The data ->

----

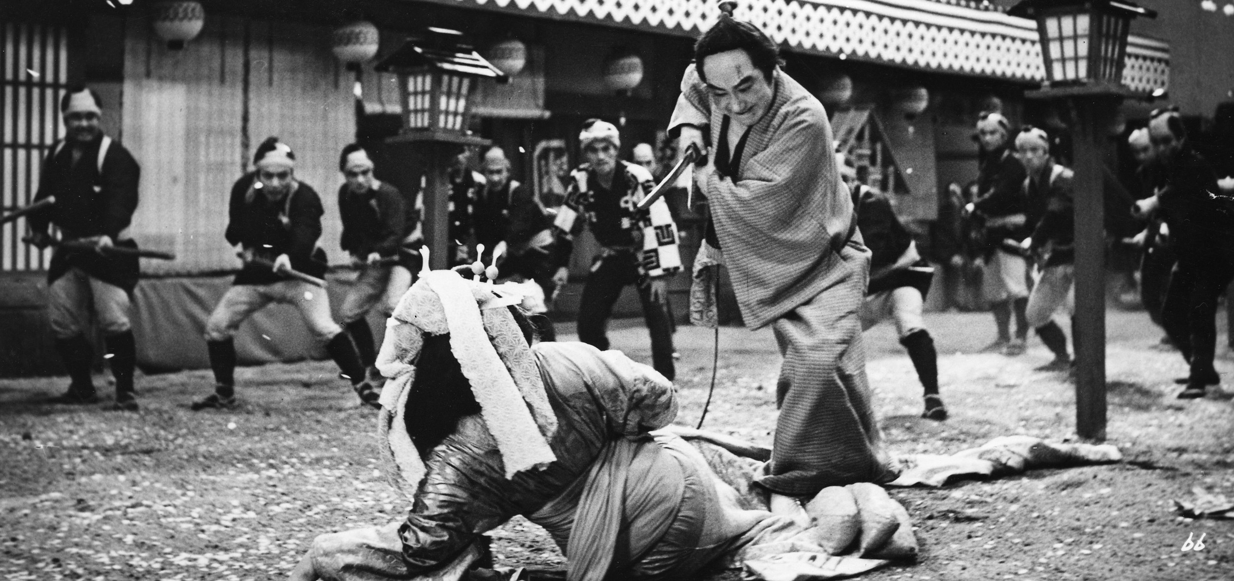 A glorious melodrama written by Mizoguchi collaborator Yoda Yoshikata, Yoshiwara: The Pleasure Quarter ranks with Uchida’s finest post-war films. A successful textile industrialist from the provinces is beloved by his employees for his kindness, but cannot find a wife because of a disfiguring birthmark on his face. Even the Yoshiwara courtesans refuse to entertain him, until an indentured peasant prostitute, Tamarazu, takes the unsavory assignment and treats him with brash tenderness. ‘The scar is not on your heart’, she scoffs, and the grateful businessman falls madly in love with her, ultimately losing his fortune in the expensive quest to purchase her freedom. When faced with her betrayal and his own financial ruin, the man takes revenge, turning the lavish ceremony to mark Tamarazu’s ascension to courtesan into a slashing spectacle. The script’s taut determinism, with its interlocked rise (hers) and fall (his), and teeming social detail; the dynamism of the scope cinematography; and the remarkably ambiguous characters of the besotted businessman and the grasping whore – in her earthiness and ambition she reminds one of Imamura’s enterprising insect women – make Yoshiwara seem like some kind of lost classic. (JQ)
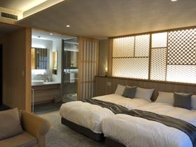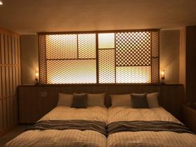 木のぬくもりと落ち着いた間接照明で、和モダンな大人の雰囲気をお楽しみください。内装と、トイレ・洗面台・シャワールームにも高級感のある和テイストを施し、またごゆっくりお休み頂けるようベッドは、シモンズ社製のゆったりサイズ(幅120cm)のセミダブルが2台のツインです。
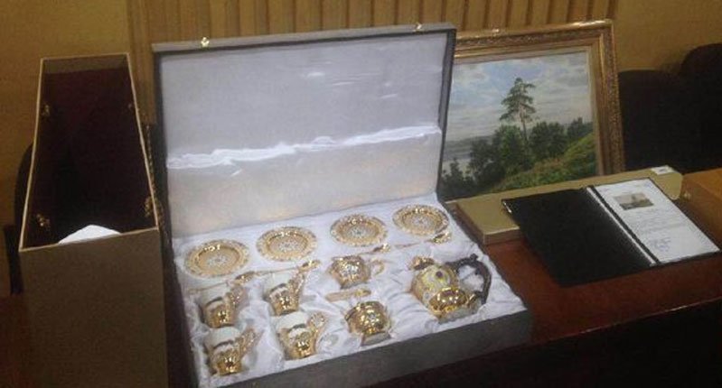 Darmansjah menuturkan, barang yang diterima Jokowi dari Rosneft itu adalah sebuah lukisan pemandangan alam, seperangkat alat penyaji minum teh, dan sebuah plakat.
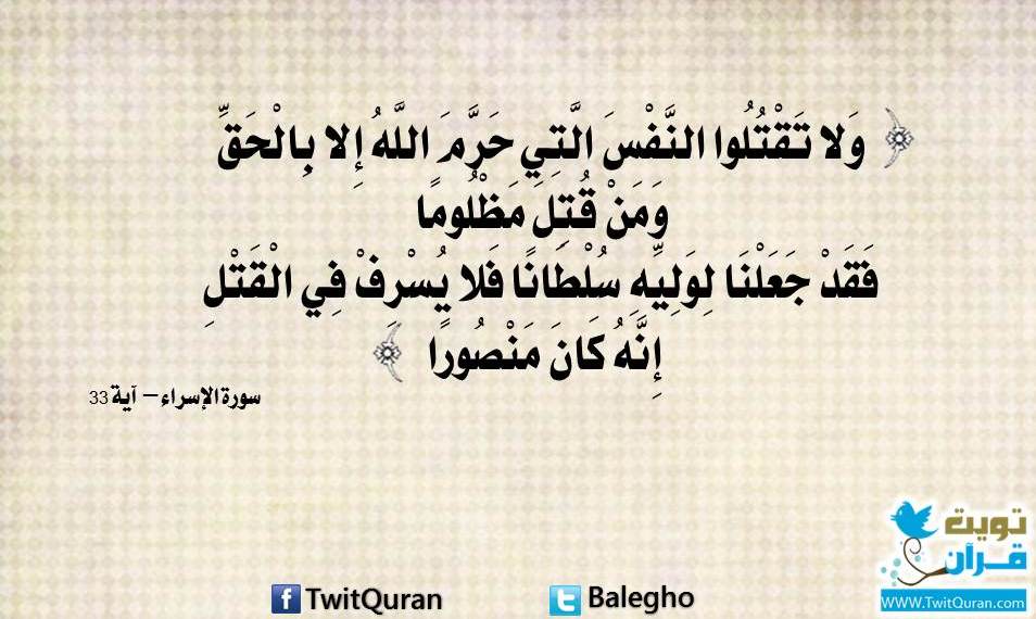 حـمدي القرني On Twitter ولا تقتلوا النفس التي حرم اللـه إلا بالحق ومن قتل مظلوما فقد جعلنا لوليه سلطانا فلا يسرف في القتل إنه كان منصورا Https T Co Isn1hekriy
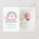 Baby Photo Template Modern Little Wonder Announement Postcard apresenta uma das suas fotos favoritas do seu bebê ou menina recém-nascido com o texto "Little Wonder" em um roteiro de caligrafia com letra rosa e verde, acentuado com um arco-íris e corações amorosos. Adicione informações adicionais, como o nome do seu bebê recém-nascido e a informação sobre o nascimento. Ao contrário, adicione sua mensagem personalizada anunciando a chegada de seu bebê recém-nascido ou uma mensagem de obrigados dos pais e da família. DICA DA FOTO: centralize sua foto antes de carregá-la no Zazzle. Elaborado por ©Evco Studio www.zazzle.com/store/evcostudio

----

Required action -> If a record holds a picture, skip the picture and write out everything else exactly.

Result of the exercise ->
 A glorious melodrama written by Mizoguchi collaborator Yoda Yoshikata, Yoshiwara: The Pleasure Quarter ranks with Uchida’s finest post-war films. A successful textile industrialist from the provinces is beloved by his employees for his kindness, but cannot find a wife because of a disfiguring birthmark on his face. Even the Yoshiwara courtesans refuse to entertain him, until an indentured peasant prostitute, Tamarazu, takes the unsavory assignment and treats him with brash tenderness. ‘The scar is not on your heart’, she scoffs, and the grateful businessman falls madly in love with her, ultimately losing his fortune in the expensive quest to purchase her freedom. When faced with her betrayal and his own financial ruin, the man takes revenge, turning the lavish ceremony to mark Tamarazu’s ascension to courtesan into a slashing spectacle. The script’s taut determinism, with its interlocked rise (hers) and fall (his), and teeming social detail; the dynamism of the scope cinematography; and the remarkably ambiguous characters of the besotted businessman and the grasping whore – in her earthiness and ambition she reminds one of Imamura’s enterprising insect women – make Yoshiwara seem like some kind of lost classic. (JQ)
 木のぬくもりと落ち着いた間接照明で、和モダンな大人の雰囲気をお楽しみください。内装と、トイレ・洗面台・シャワールームにも高級感のある和テイストを施し、またごゆっくりお休み頂けるようベッドは、シモンズ社製のゆったりサイズ(幅120cm)のセミダブルが2台のツインです。
 Darmansjah menuturkan, barang yang diterima Jokowi dari Rosneft itu adalah sebuah lukisan pemandangan alam, seperangkat alat penyaji minum teh, dan sebuah plakat.
 حـمدي القرني On Twitter ولا تقتلوا النفس التي حرم اللـه إلا بالحق ومن قتل مظلوما فقد جعلنا لوليه سلطانا فلا يسرف في القتل إنه كان منصورا Https T Co Isn1hekriy
 Baby Photo Template Modern Little Wonder Announement Postcard apresenta uma das suas fotos favoritas do seu bebê ou menina recém-nascido com o texto "Little Wonder" em um roteiro de caligrafia com letra rosa e verde, acentuado com um arco-íris e corações amorosos. Adicione informações adicionais, como o nome do seu bebê recém-nascido e a informação sobre o nascimento. Ao contrário, adicione sua mensagem personalizada anunciando a chegada de seu bebê recém-nascido ou uma mensagem de obrigados dos pais e da família. DICA DA FOTO: centralize sua foto antes de carregá-la no Zazzle. Elaborado por ©Evco Studio www.zazzle.com/store/evcostudio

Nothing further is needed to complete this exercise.